[Start of Attachment]

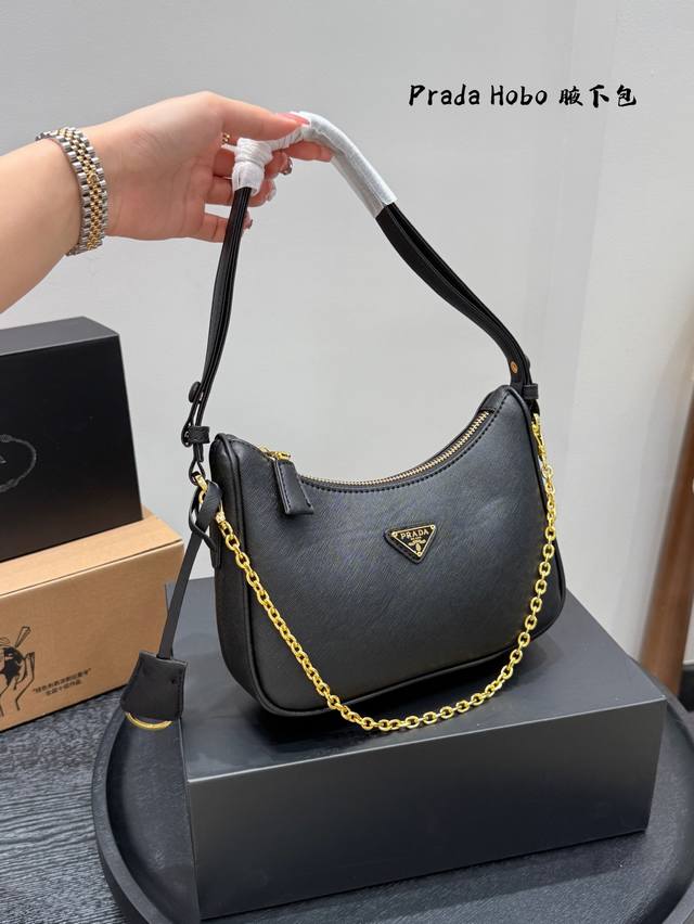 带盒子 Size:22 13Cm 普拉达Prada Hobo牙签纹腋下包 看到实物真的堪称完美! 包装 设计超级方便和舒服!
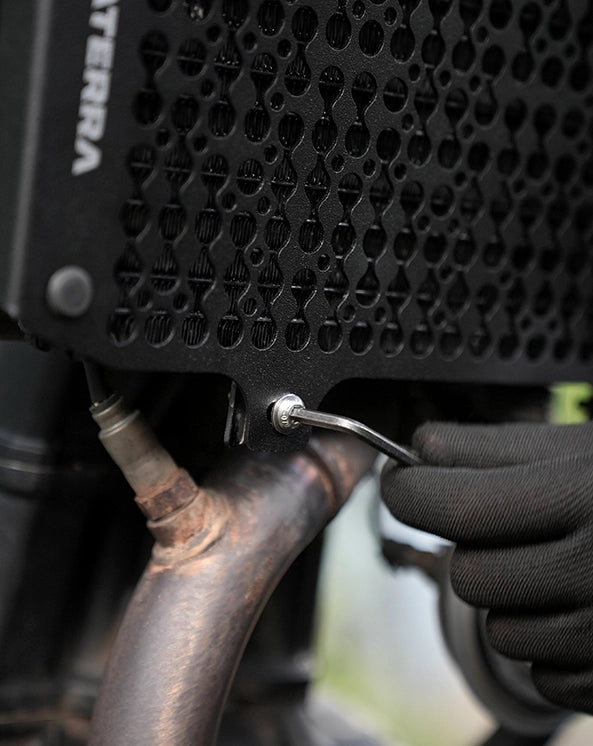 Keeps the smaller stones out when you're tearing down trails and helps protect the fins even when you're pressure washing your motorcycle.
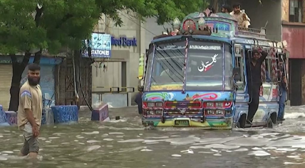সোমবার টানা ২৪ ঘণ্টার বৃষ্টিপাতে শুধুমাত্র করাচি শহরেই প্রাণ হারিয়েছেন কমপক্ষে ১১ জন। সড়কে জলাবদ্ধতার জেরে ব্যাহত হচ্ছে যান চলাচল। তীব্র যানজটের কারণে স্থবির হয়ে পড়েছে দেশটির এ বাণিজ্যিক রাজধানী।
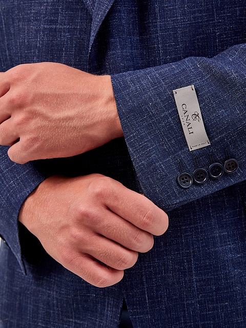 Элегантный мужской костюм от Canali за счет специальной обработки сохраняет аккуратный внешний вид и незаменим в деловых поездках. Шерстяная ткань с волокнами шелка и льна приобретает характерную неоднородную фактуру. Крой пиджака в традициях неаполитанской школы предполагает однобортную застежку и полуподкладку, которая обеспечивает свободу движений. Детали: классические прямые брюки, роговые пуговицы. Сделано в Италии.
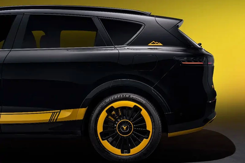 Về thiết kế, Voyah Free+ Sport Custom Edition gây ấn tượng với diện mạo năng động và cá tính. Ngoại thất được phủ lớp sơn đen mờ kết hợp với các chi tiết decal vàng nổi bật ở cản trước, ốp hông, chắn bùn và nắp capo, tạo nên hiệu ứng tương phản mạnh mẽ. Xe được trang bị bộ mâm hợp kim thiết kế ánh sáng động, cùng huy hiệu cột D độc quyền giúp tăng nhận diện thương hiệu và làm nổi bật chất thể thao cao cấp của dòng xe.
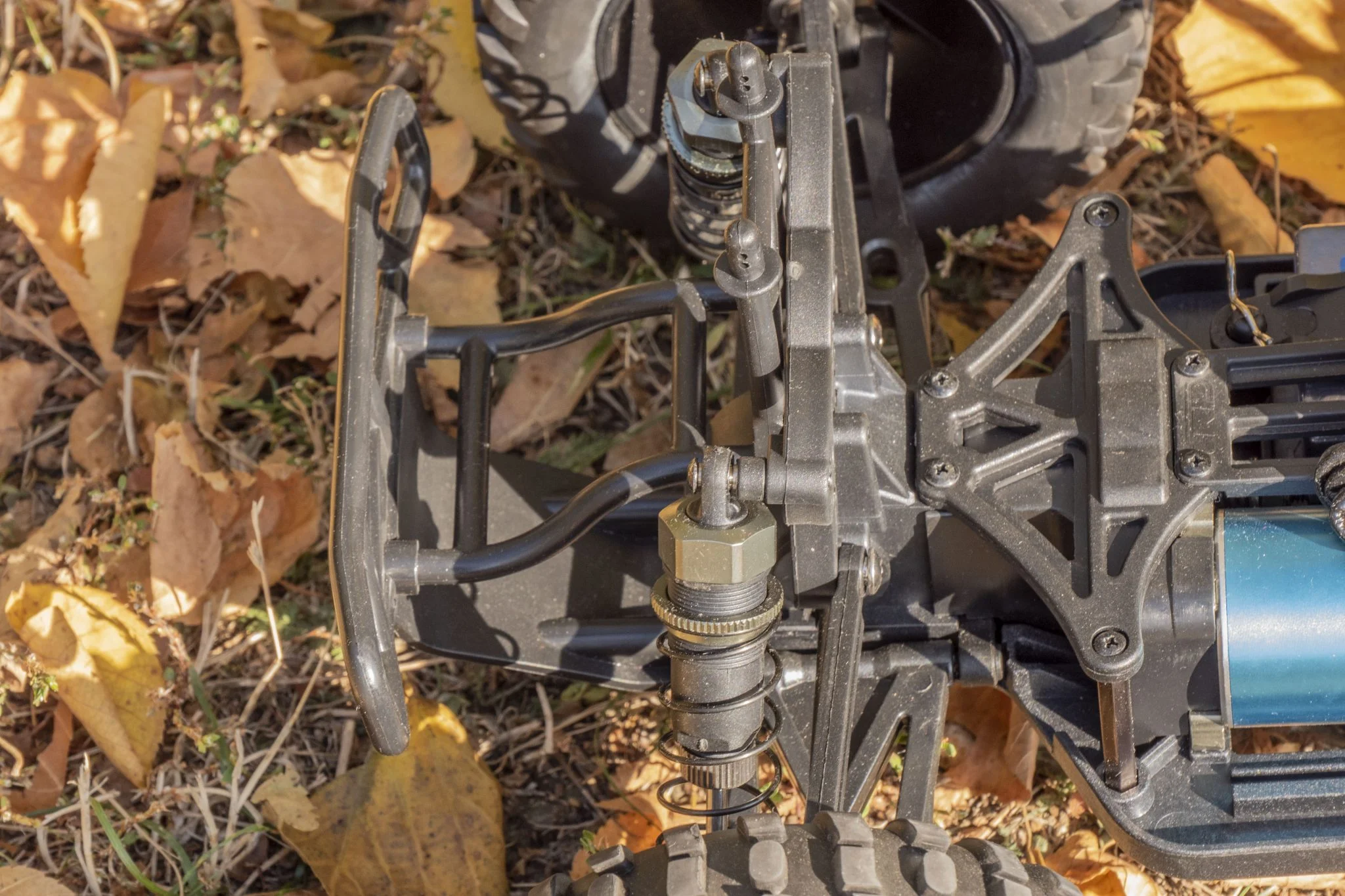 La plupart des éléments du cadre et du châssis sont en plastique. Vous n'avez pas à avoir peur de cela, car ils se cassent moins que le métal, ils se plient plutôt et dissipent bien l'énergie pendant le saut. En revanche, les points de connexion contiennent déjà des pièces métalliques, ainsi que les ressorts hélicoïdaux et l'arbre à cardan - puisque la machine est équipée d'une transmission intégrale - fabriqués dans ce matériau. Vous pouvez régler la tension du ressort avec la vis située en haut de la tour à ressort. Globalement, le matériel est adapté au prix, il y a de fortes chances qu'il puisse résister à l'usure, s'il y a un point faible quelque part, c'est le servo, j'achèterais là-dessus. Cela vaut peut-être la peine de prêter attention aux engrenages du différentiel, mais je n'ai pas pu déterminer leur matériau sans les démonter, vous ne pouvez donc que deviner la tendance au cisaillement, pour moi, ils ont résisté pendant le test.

[End of Attachment]
[Start of Attachment]

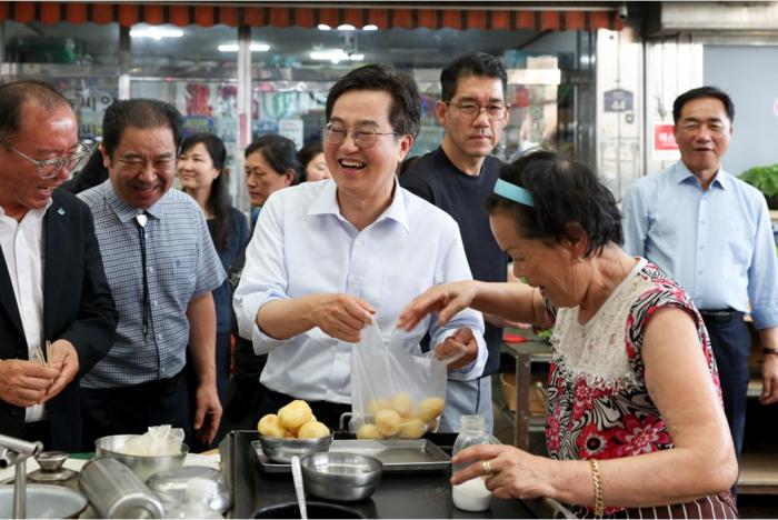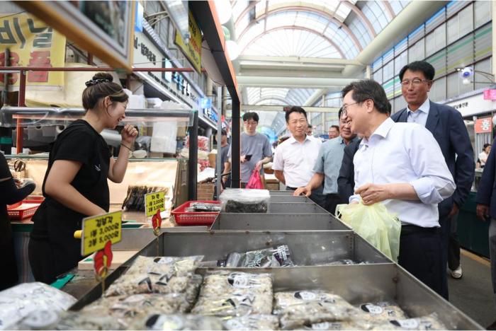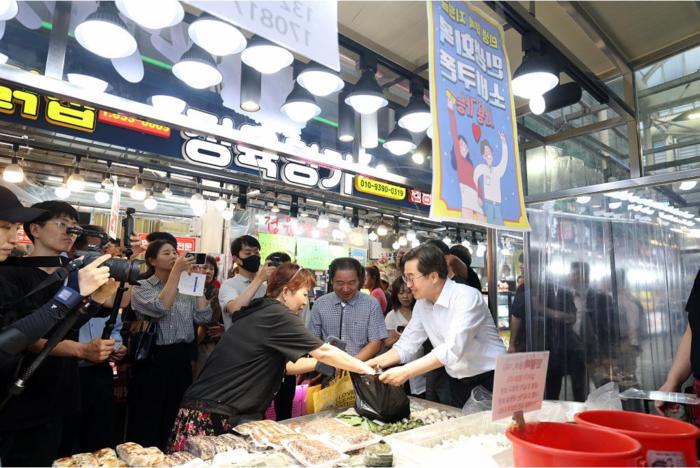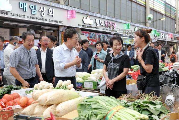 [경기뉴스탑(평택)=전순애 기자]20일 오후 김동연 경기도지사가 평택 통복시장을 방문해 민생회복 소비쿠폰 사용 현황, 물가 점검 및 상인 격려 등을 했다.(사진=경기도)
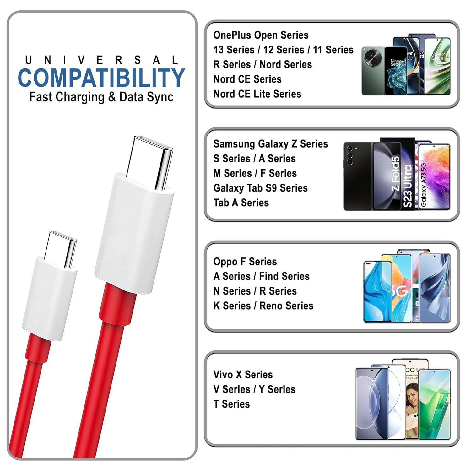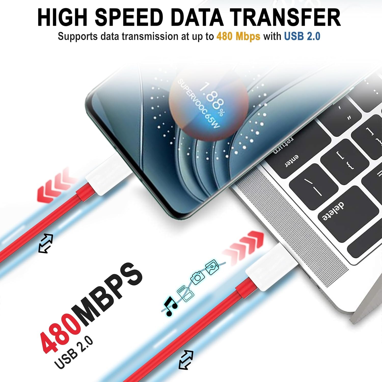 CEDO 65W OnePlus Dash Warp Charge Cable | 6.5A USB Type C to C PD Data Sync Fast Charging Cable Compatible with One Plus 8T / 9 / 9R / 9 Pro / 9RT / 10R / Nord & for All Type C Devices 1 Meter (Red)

[End of Attachment]

ABOUT THIS EXERCISE:
Using the entries above, write out exactly the lines from the one with "带盒子 Size:22 13Cm" through the one with "সোমবার টানা ২৪", ends included. Leave out any pictures.

SOLVED PROBLEM:
 带盒子 Size:22 13Cm 普拉达Prada Hobo牙签纹腋下包 看到实物真的堪称完美! 包装 设计超级方便和舒服!
 Keeps the smaller stones out when you're tearing down trails and helps protect the fins even when you're pressure washing your motorcycle.
সোমবার টানা ২৪ ঘণ্টার বৃষ্টিপাতে শুধুমাত্র করাচি শহরেই প্রাণ হারিয়েছেন কমপক্ষে ১১ জন। সড়কে জলাবদ্ধতার জেরে ব্যাহত হচ্ছে যান চলাচল। তীব্র যানজটের কারণে স্থবির হয়ে পড়েছে দেশটির এ বাণিজ্যিক রাজধানী।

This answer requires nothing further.